I attract contrasting experiences because somewhere deep in my subconscious I absolutely believe I need to – to grow. It’s an unfortunate life-long habit. The details of any particular story are unimportant when you believe in Karmic theory… when you believe humans are inclined to perform cyclically. You can replace individuals in any story with some fictional character that represents their contribution to the narrative.

I don’t like ambiguity, I don’t like details left out, I like to know what’s being discussed. I’m nosey. (Actually I’m not so nosey, more curious: where there is adequate justification. And sometimes there isn’t, sometimes it’s a self defence mechanism – when I’m functioning on a low vibrational frequency. Sometimes it’s jealousy – sometimes it’s concern – sometimes it’s some other emotion I haven’t learnt the word for.)
When I meet a person, if they are special enough to capture my attention – and so seldom is this the case – I like to know how they happened. I am personally attracted to that and those which can convince me – with success – that I have not experienced them before in any shape or form.
I like to understand things/beings – if I perceive them to be special enough I will mentally travel to the ends of the Multiverse in an effort to really understand them.

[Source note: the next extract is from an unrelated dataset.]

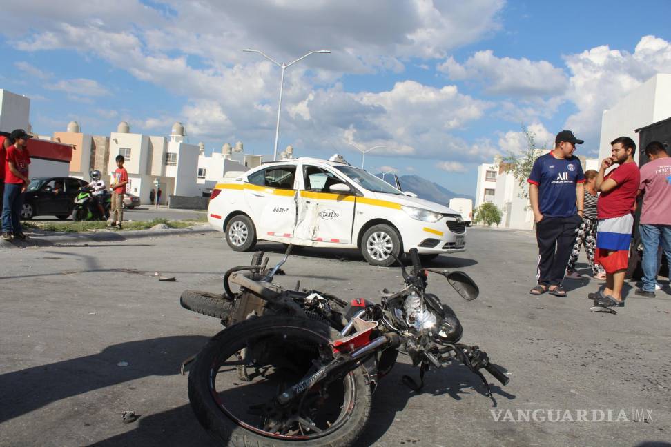 Un trágico accidente se registró en las calles de la colonia Misión Cerritos, en Saltillo, donde un joven conductor de una motocicleta perdió la vida y dos de sus amigos resultaron gravemente heridos al chocar contra un taxi.

Sometimes I regret this aspect of myself, but I suppose information comes at a price. (Thats really a beauty of retail actually, how you earn a certain amount of money for a certain amount of energy expended determines how you value a price for an item… but when it comes to something like information – which is not material – the notion of the price you may have to pay is quite open to possibility.) And I access more information than anyone else ever has – I assure you – if my intentions are in accordance with the Laws of the Universe.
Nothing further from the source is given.